Experts: Huricane Katrina had four deadly parts


Tuesday, May 30, 2006

Experts reviewing the damage that Huricane Katrina caused to New Orleans last August, say that the category 5 storm actually had four deadly flooding elements.

Hassan Mashriqui, a researcher with the Louisiana State University Hurricane Center, said the hurricane moved northeast with winds in excess of 125 MPH, bringing with it a 17 foot storm surge that made landfall at the town of Buras, where levees are only made to with stand a maximum 13 foot surge.

As the eye of the storm passed over Lake Borgne, it created an 18 foot storm surge that the 13 foot levees of St. Bernard's Parish could not contain.

The next major hit, came when Katrina forcefully shot water into New Orleans' Inner City Harbor Navigation Canal. These were the flood waters that obliterated the Lower Ninth Ward, said Mashriqui.
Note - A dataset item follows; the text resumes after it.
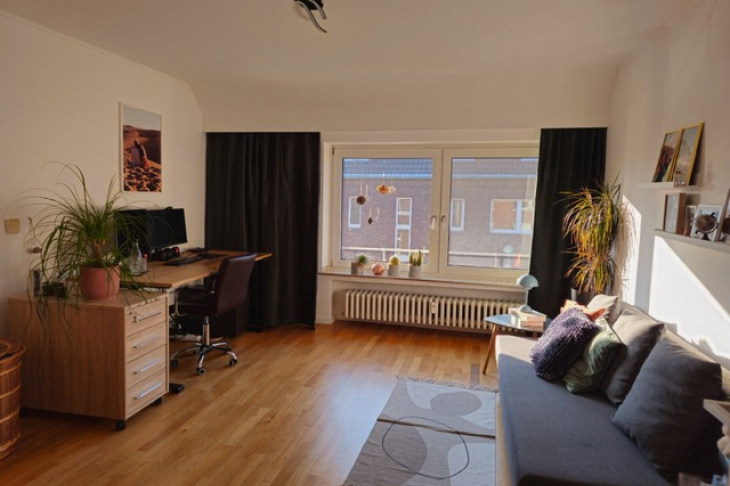 Die hier angebotene sonnige Dreizimmerwohnung befindet sich am Rande des begehrten Krefelder Bismarckviertels parallel zur Bismarckstraße unmittelbar am Schillerplatz. Die Nachbarschaft besteht überwiegend aus gepflegten Mehrfamilienhausstadthäusern.

As Hurricane Katrina pushed eastward into Mississippi, it sent a final powerful surge towards New Orleans across Lake Pontchartrain, north of the city, which forced the lake's waters into the center of the city, the report stated.

Hurricane Katrina was the costliest and one of the deadliest hurricanes in the history of the United States. It was the eleventh named storm, fifth hurricane, third major hurricane, and second Category 5 hurricane of the 2005 Atlantic hurricane season, and was the sixth-strongest Atlantic hurricane ever recorded.